• _Assignment_
What you write should be an exact repeat of the lines from the one with "под разный вес." through the final line below, minus the pictures.

• _Data for analysis_

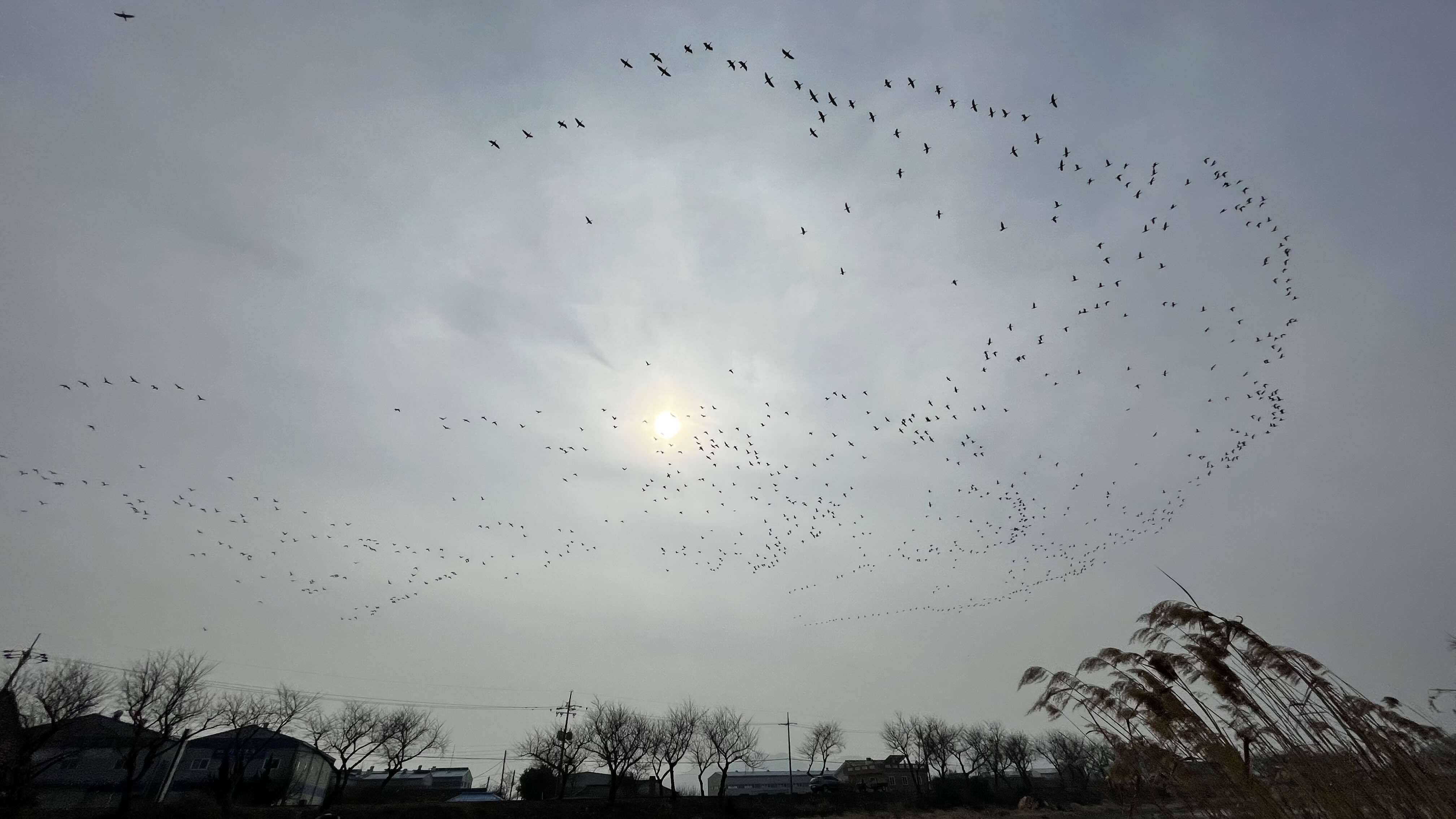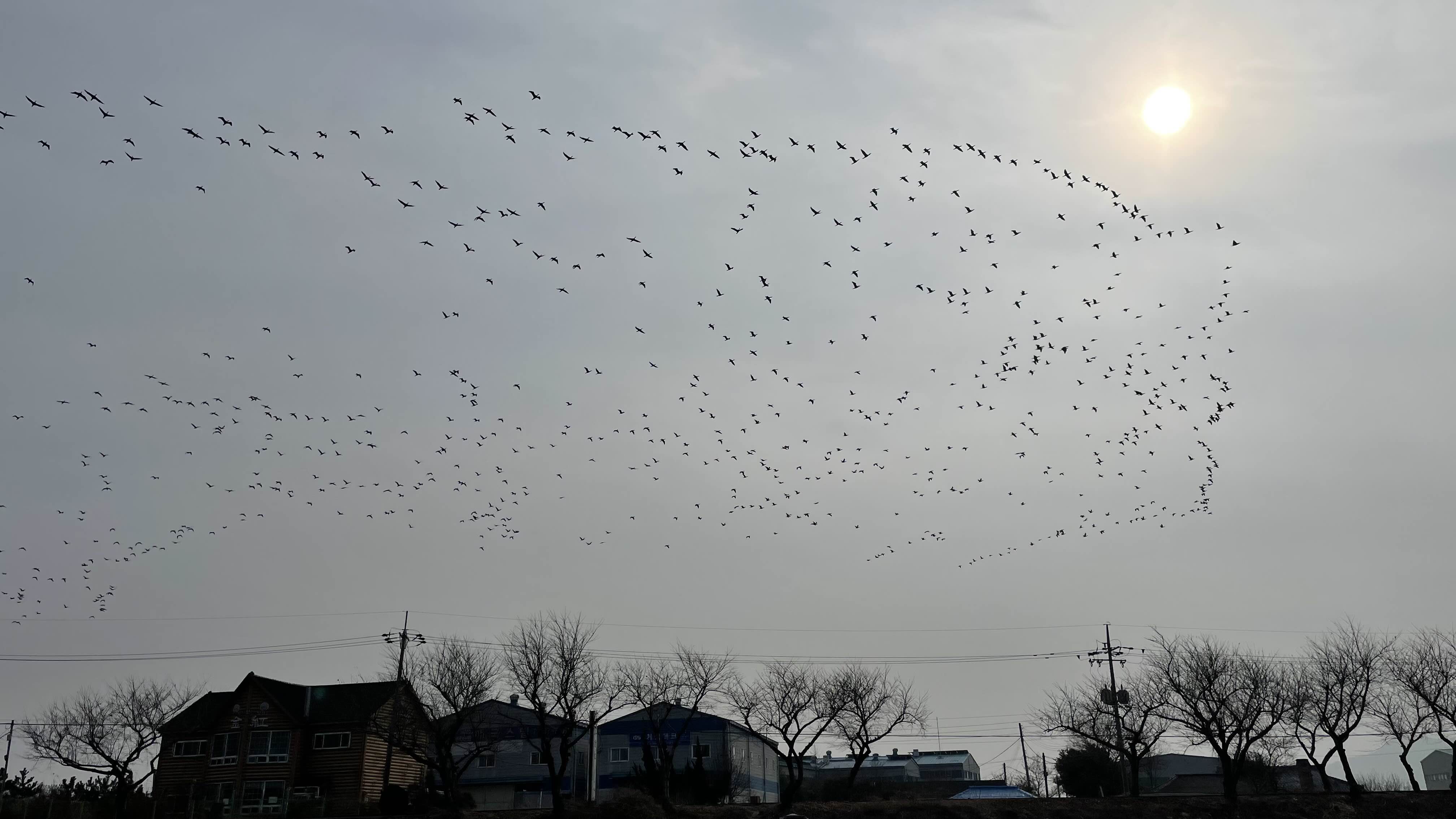 사진을 확대해서 세어보니 대략 천마리쯤 되는 것 같습니다.
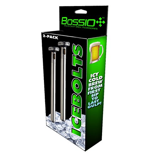 Best Beer Chiller Sticks - BOSSIO® ICEBOLTS - [2 Pack] Stainless Steel - BONUS Craft Beer Temperature Guide
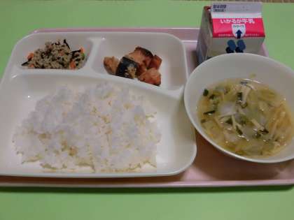 ★さけのしょうゆ風味焼き・五目汁・高野どうふのいり煮・ご飯・牛乳
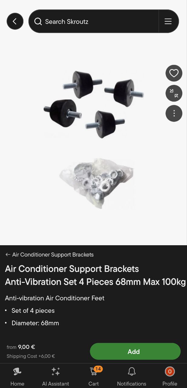 @itoolsyВот, нужно типа такой. Только вес выбрать верно. И еще, вес внешнего блока нефига не равномерно распределен. Почти весь вес - это компрессор и обвязка. Потому нужно 2 разных типа опор под разный вес.
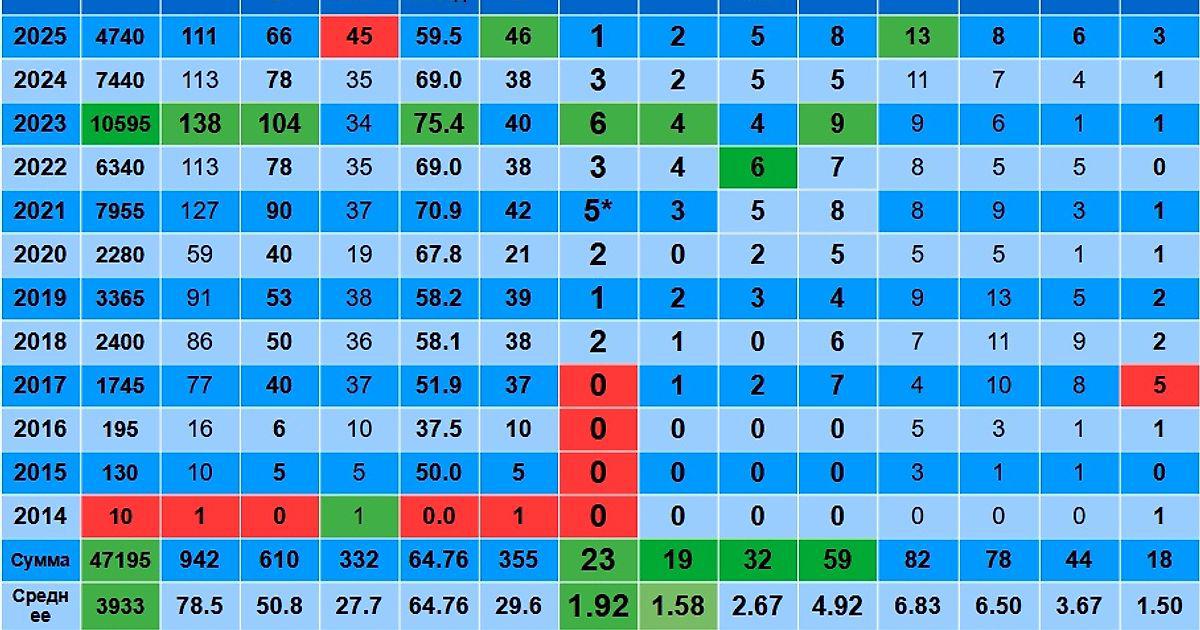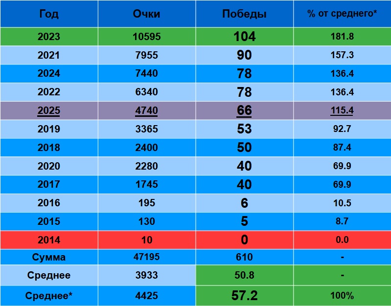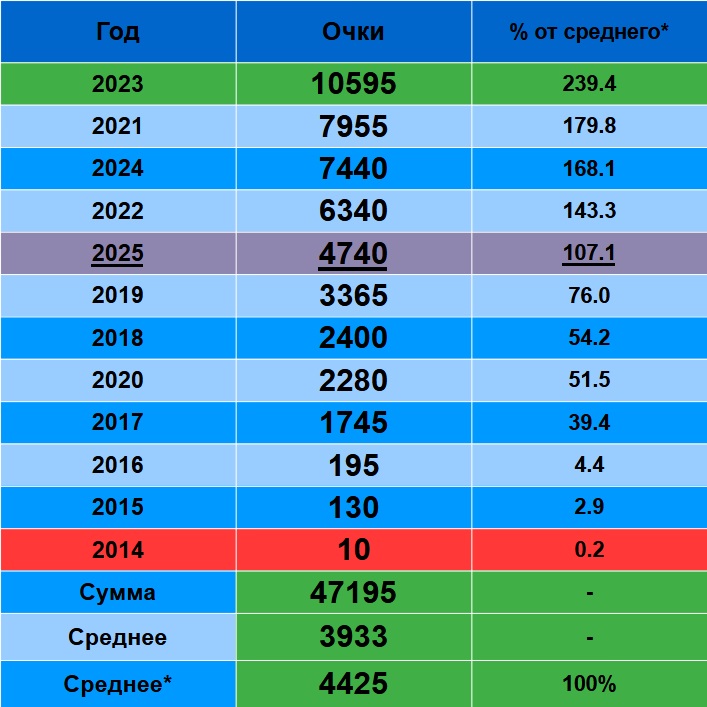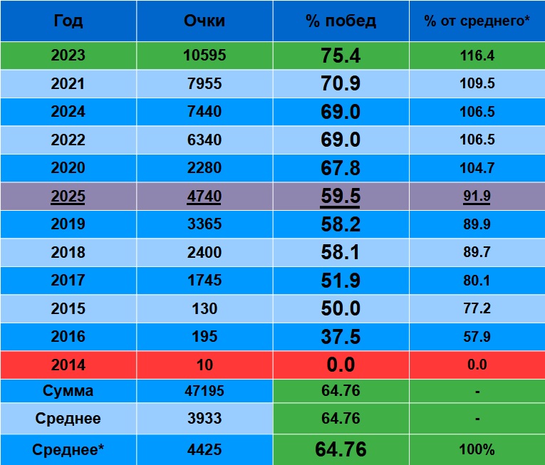2023 – первый, 2021 – второй, 2024 и 2022 – разделили 3-4 место. 2025 – пятый. Тут все неплохо, игр(111) сыграно немало, больше, что «Среднего»(78.5), что «Среднего*»(88.3).

• _Exercise result_
 @itoolsyВот, нужно типа такой. Только вес выбрать верно. И еще, вес внешнего блока нефига не равномерно распределен. Почти весь вес - это компрессор и обвязка. Потому нужно 2 разных типа опор под разный вес.
2023 – первый, 2021 – второй, 2024 и 2022 – разделили 3-4 место. 2025 – пятый. Тут все неплохо, игр(111) сыграно немало, больше, что «Среднего»(78.5), что «Среднего*»(88.3).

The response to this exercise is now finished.